- _THE TASK_: I'd like every entry transcribed word for word, with no pictures.

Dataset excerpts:
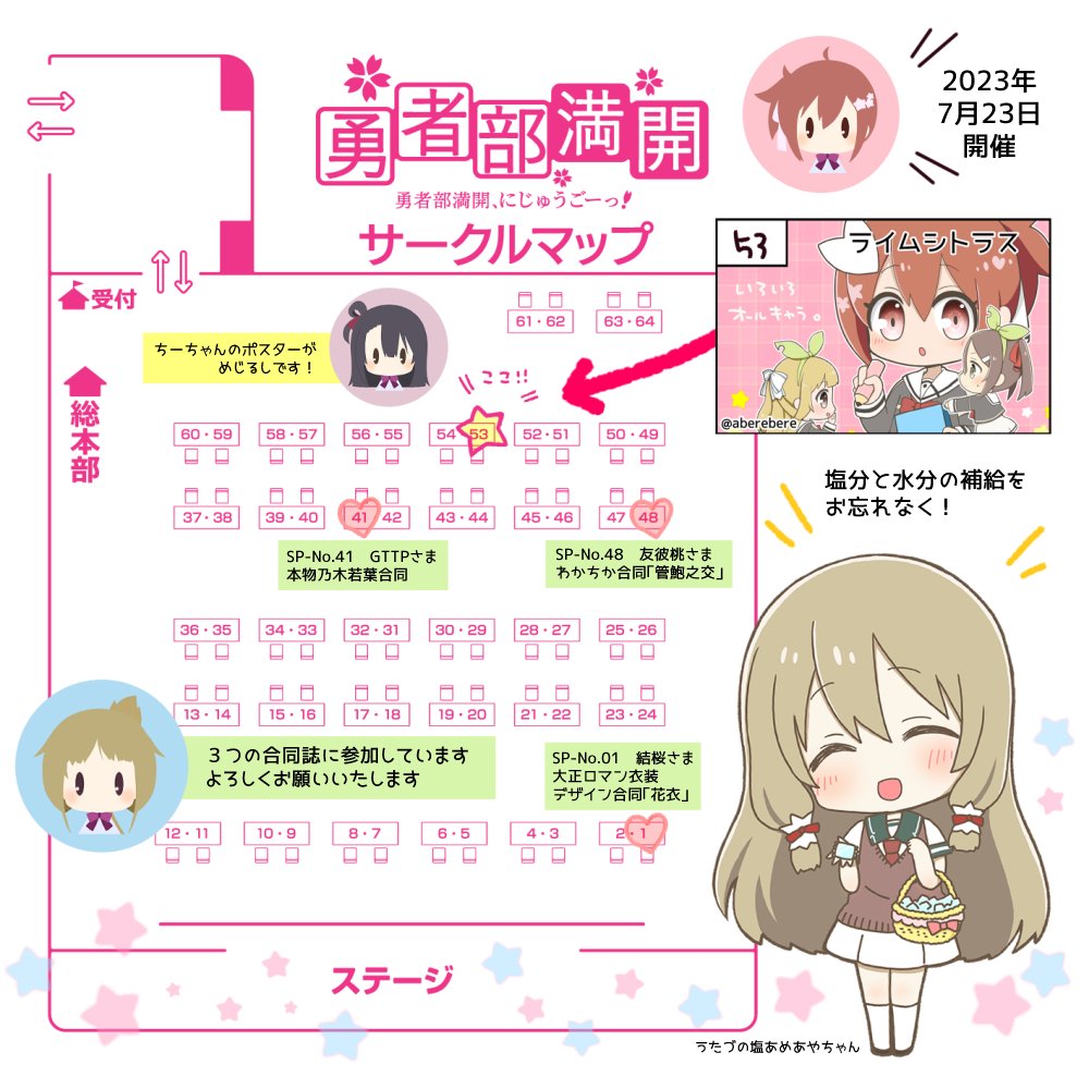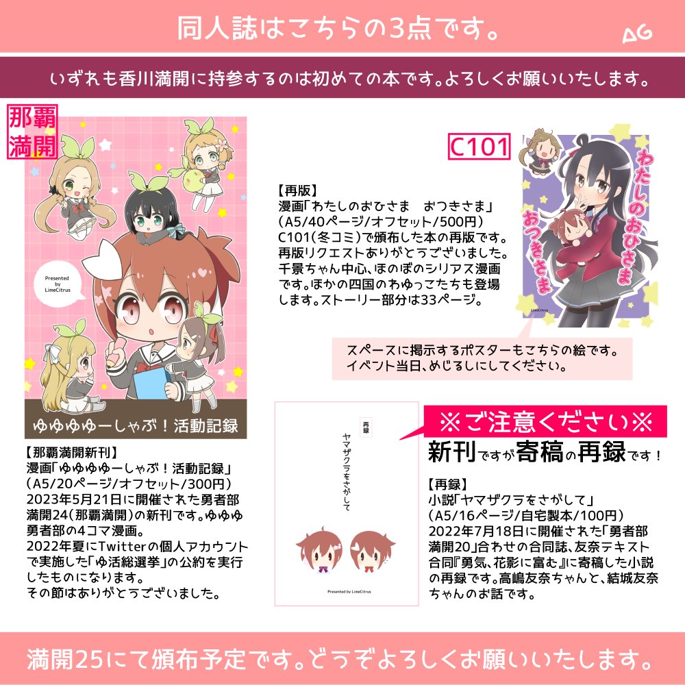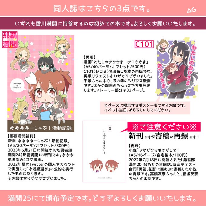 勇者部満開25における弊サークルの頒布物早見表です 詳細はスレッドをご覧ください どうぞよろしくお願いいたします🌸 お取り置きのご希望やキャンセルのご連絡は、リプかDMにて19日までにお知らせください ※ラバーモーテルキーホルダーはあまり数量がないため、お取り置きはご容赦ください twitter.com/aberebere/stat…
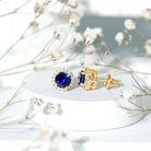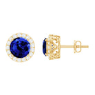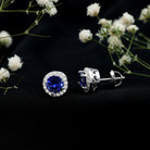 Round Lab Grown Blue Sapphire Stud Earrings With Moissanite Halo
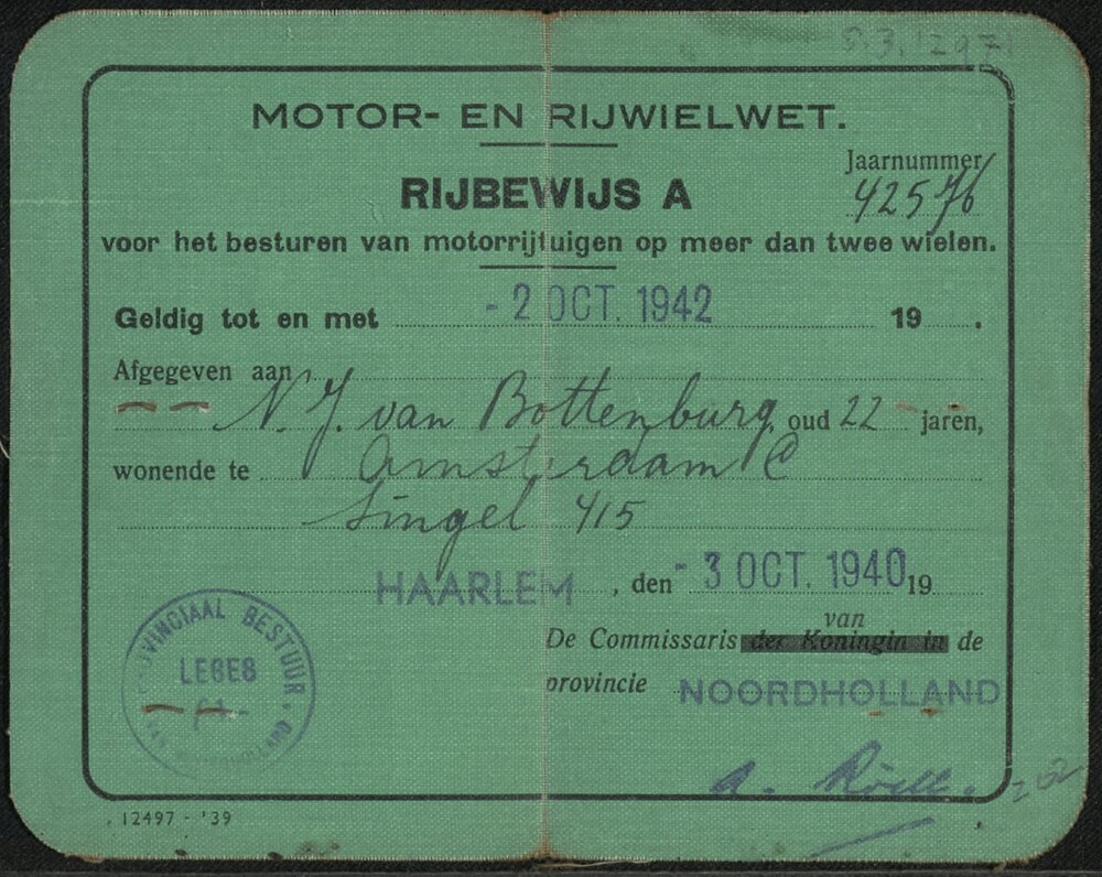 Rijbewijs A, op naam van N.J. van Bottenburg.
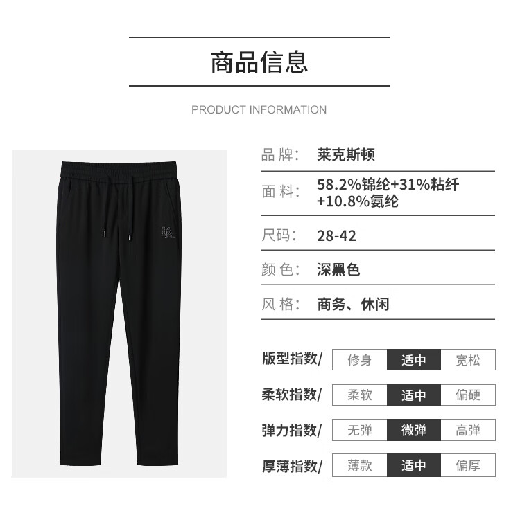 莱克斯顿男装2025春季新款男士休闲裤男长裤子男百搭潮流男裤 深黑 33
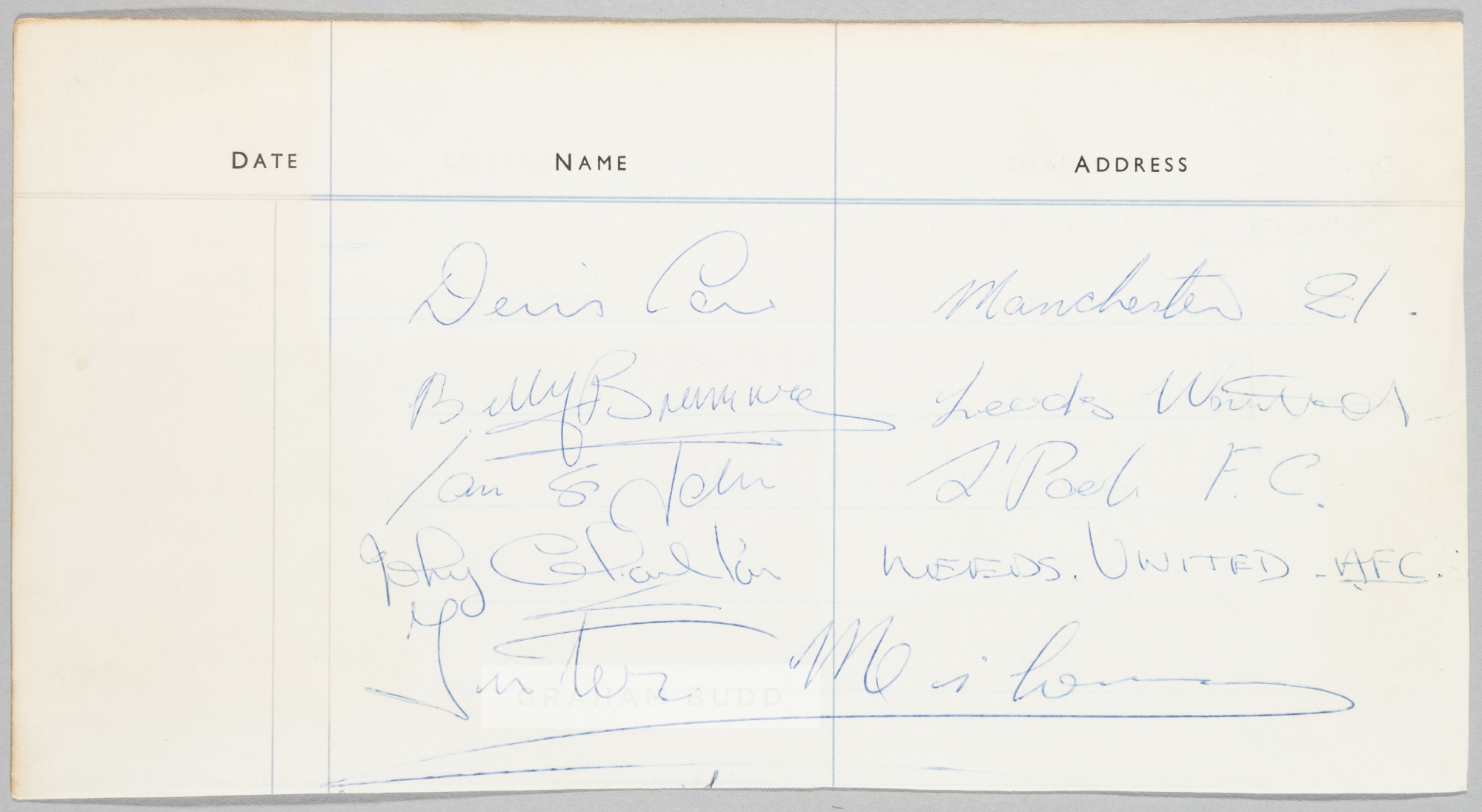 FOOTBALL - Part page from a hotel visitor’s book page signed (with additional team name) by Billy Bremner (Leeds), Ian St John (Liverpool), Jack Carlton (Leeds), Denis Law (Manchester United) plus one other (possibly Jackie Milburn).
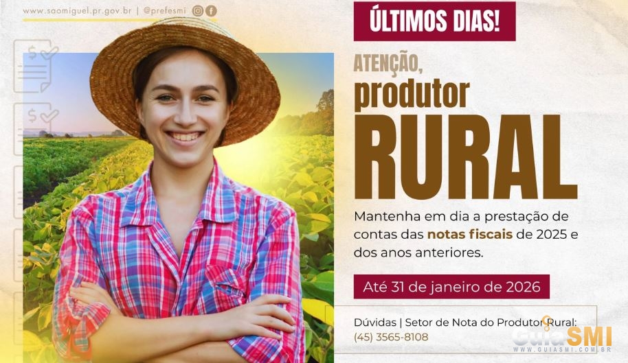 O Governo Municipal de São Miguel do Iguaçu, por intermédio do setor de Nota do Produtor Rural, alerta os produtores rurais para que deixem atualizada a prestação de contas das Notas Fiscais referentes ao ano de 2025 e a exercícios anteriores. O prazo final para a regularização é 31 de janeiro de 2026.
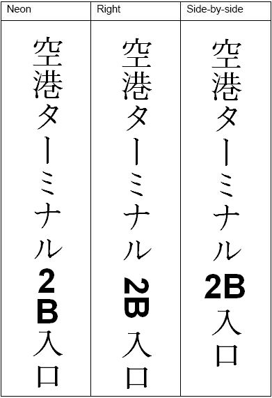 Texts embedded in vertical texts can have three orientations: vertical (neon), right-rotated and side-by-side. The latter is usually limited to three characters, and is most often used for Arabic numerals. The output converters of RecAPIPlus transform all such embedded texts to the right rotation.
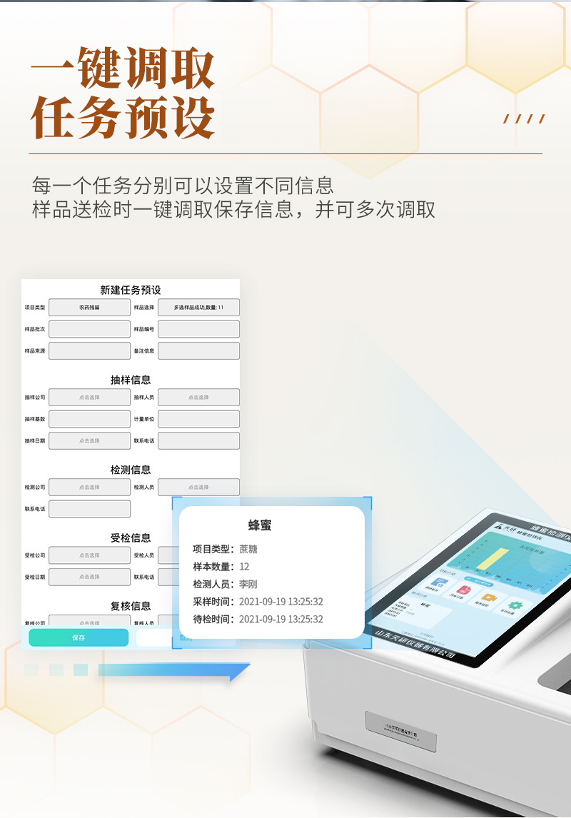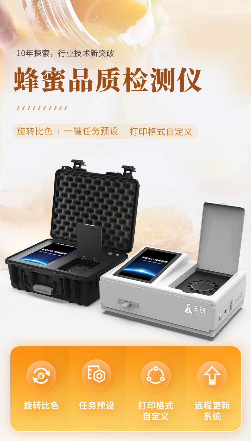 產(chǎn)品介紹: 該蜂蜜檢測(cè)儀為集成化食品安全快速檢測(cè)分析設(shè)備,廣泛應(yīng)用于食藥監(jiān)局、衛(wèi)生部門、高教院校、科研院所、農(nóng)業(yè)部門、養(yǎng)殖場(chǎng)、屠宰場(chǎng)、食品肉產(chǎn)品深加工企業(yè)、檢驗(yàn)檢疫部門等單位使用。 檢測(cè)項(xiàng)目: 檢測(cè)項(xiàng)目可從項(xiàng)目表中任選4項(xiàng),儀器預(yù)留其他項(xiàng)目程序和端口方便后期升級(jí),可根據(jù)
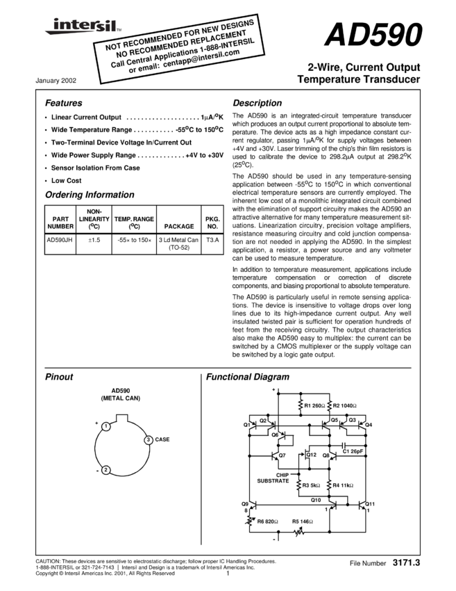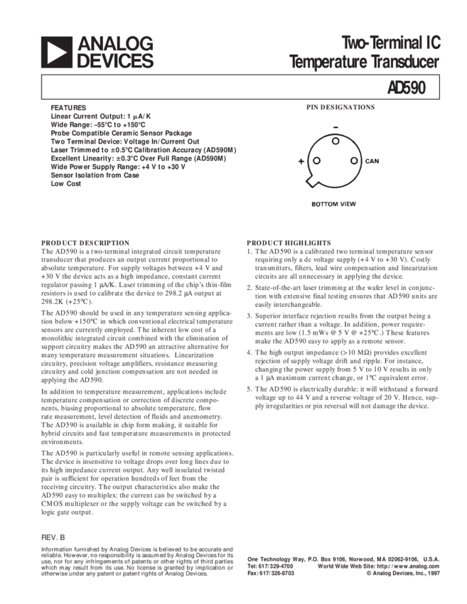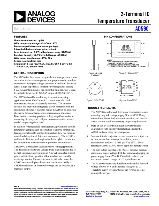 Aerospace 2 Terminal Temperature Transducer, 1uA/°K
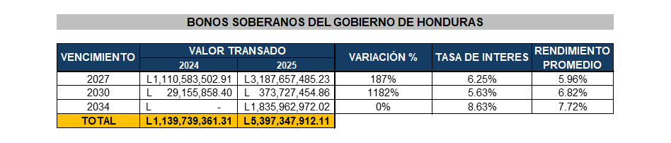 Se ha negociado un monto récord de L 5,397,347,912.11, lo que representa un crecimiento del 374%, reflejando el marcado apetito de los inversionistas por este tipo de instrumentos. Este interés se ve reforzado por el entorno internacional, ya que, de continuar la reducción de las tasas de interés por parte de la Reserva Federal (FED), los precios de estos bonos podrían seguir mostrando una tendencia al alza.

- _EXERCISE SOLUTION_:
 勇者部満開25における弊サークルの頒布物早見表です 詳細はスレッドをご覧ください どうぞよろしくお願いいたします🌸 お取り置きのご希望やキャンセルのご連絡は、リプかDMにて19日までにお知らせください ※ラバーモーテルキーホルダーはあまり数量がないため、お取り置きはご容赦ください twitter.com/aberebere/stat…
 Round Lab Grown Blue Sapphire Stud Earrings With Moissanite Halo
 Rijbewijs A, op naam van N.J. van Bottenburg.
 莱克斯顿男装2025春季新款男士休闲裤男长裤子男百搭潮流男裤 深黑 33
 FOOTBALL - Part page from a hotel visitor’s book page signed (with additional team name) by Billy Bremner (Leeds), Ian St John (Liverpool), Jack Carlton (Leeds), Denis Law (Manchester United) plus one other (possibly Jackie Milburn).
 O Governo Municipal de São Miguel do Iguaçu, por intermédio do setor de Nota do Produtor Rural, alerta os produtores rurais para que deixem atualizada a prestação de contas das Notas Fiscais referentes ao ano de 2025 e a exercícios anteriores. O prazo final para a regularização é 31 de janeiro de 2026.
 Texts embedded in vertical texts can have three orientations: vertical (neon), right-rotated and side-by-side. The latter is usually limited to three characters, and is most often used for Arabic numerals. The output converters of RecAPIPlus transform all such embedded texts to the right rotation.
 產(chǎn)品介紹: 該蜂蜜檢測(cè)儀為集成化食品安全快速檢測(cè)分析設(shè)備,廣泛應(yīng)用于食藥監(jiān)局、衛(wèi)生部門、高教院校、科研院所、農(nóng)業(yè)部門、養(yǎng)殖場(chǎng)、屠宰場(chǎng)、食品肉產(chǎn)品深加工企業(yè)、檢驗(yàn)檢疫部門等單位使用。 檢測(cè)項(xiàng)目: 檢測(cè)項(xiàng)目可從項(xiàng)目表中任選4項(xiàng),儀器預(yù)留其他項(xiàng)目程序和端口方便后期升級(jí),可根據(jù)
 Aerospace 2 Terminal Temperature Transducer, 1uA/°K
 Se ha negociado un monto récord de L 5,397,347,912.11, lo que representa un crecimiento del 374%, reflejando el marcado apetito de los inversionistas por este tipo de instrumentos. Este interés se ve reforzado por el entorno internacional, ya que, de continuar la reducción de las tasas de interés por parte de la Reserva Federal (FED), los precios de estos bonos podrían seguir mostrando una tendencia al alza.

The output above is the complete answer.